A group of lawyers is taking the Government to court to stop plans to impose fixed fees on legal aid work, which come into effect on Monday.

The Criminal Bar Association (CBA) says the legal aid shake-up will have a "catastrophic" impact on independent lawyers because they will not be paid for the hours needed to defend a client in a complex case.

Papers were filed in the High Court at Auckland today seeking a judicial review of the fixed fees regime and to stop it coming into force on Monday.

The fixed fees programme comes three years after the Bazley Report found systemwide failings in legal aid and called for urgent action to rebuild trust in the system.


The changes will see lawyers paid a fixed fee for legal aid work, depending on how serious the charges are.
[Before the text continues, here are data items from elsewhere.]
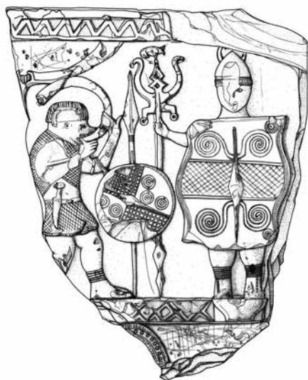
Figg. 1 e 2 - Il rilievo di Bormio (disegno: F. Roncoroni).

parallele, quella inferiore, invece, è composta da una serie di losanghe comprese sopra e sotto da elementi angolari e da due bande parallele. Al di sotto si riconosce una piccola porzione, in visione laterale, forse della criniera di un cavallo 3 o del lophos di un elmo (Rittatore 1974: 113 e fig. 5; de Marinis 1995: 259). Si tratterebbe dunque del lacerto di una scena di soggetto militare, una parata di armati a piedi o a cavallo.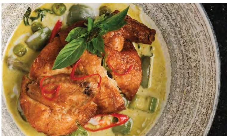
Gaeng Kiew Waan Gai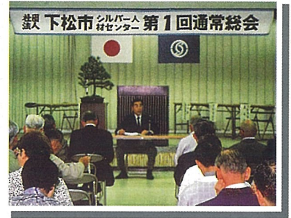
5.25 第1回 通常総会開催

昭和63年度 5月 第1回通常総会開催（市立図書館大会議室） 11月 臨時総会開催（定款の一部変更） （下松勤労者総合福祉センター内に事務所を置く） 12月 定款の一部変更認可（山口県知事） 12月 定款変更登記完了 2月 第1回会員親睦旅行（防府自由ヶ丘健康ランド）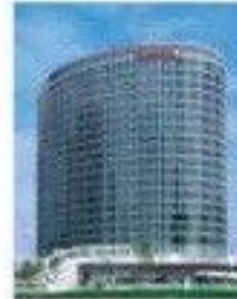
6 Fuji Xerox Co., Ltd. (Yokohama)

Currently lawyers are paid fees based on an hourly rate.

The Criminal Bar's submission, penned by 33 lawyers including eight QCs, said lawyers would be unable to properly represent their clients under the new fixed fees system.

Association spokesman Matt Goodwin is a criminal lawyer in Auckland.

He said the fixed fees regime would undermine access to justice for all citizens and would result in a two-tier system of justice: "One for those who can afford to pay and one for those who cannot".

Mr Goodwin said many people on legal aid had mental health and addiction problems, low levels of education, or had other issues that complicated their representation.

"Their problems will be exacerbated by the loss of experienced lawyers from the legal aid scheme and by those left being unable to do the work in the time allocated.

"There will be an increase in the unrepresented and insufficiently represented. It is likely that rather than saving money, the costs will merely be shifted to other areas of the justice sector, including the Courts and Corrections."

He said changes would also result in a "mass exodus" of young lawyers heading overseas.

"Essentially, it is going to cut off the oxygen to the independent bar because it is not going to be seen as having a future by those coming out of law school."

The Government's move is the latest in a string of changes enacted following Dame Margaret Bazley's 2009 report into legal aid.

She alleged that the justice system had been undermined by more than 200 corrupt lawyers who were rorting the taxpayer-funded system.

The distinguished public servant also accused lawyers of taking backhanders, charging illegal "top-up" fees and grouping together to defraud the legal aid system.

Although Dame Margaret said the allegations could not be substantiated, she said she had been told up to 80 per cent of lawyers at Manukau District Court were "gaming" the legal aid system.

Mr Goodwin said that since Dame Margaret's investigation there had been only four lawyers removed from criminal legal aid.

"Rather than eliminate the small number of 'car boot' lawyers identified by the Bazley Report, fixed fees encourages them to become the norm.

He said Dame Margaret recommended that lawyers operate under a business structure, younger lawyers be mentored and that lawyers deliver a high quality service to their clients and the courts.

"Ironically, the recommendations in the Bazley report are largely going to be defeated by the implementation of this system."

The hearing is to be held on Thursday.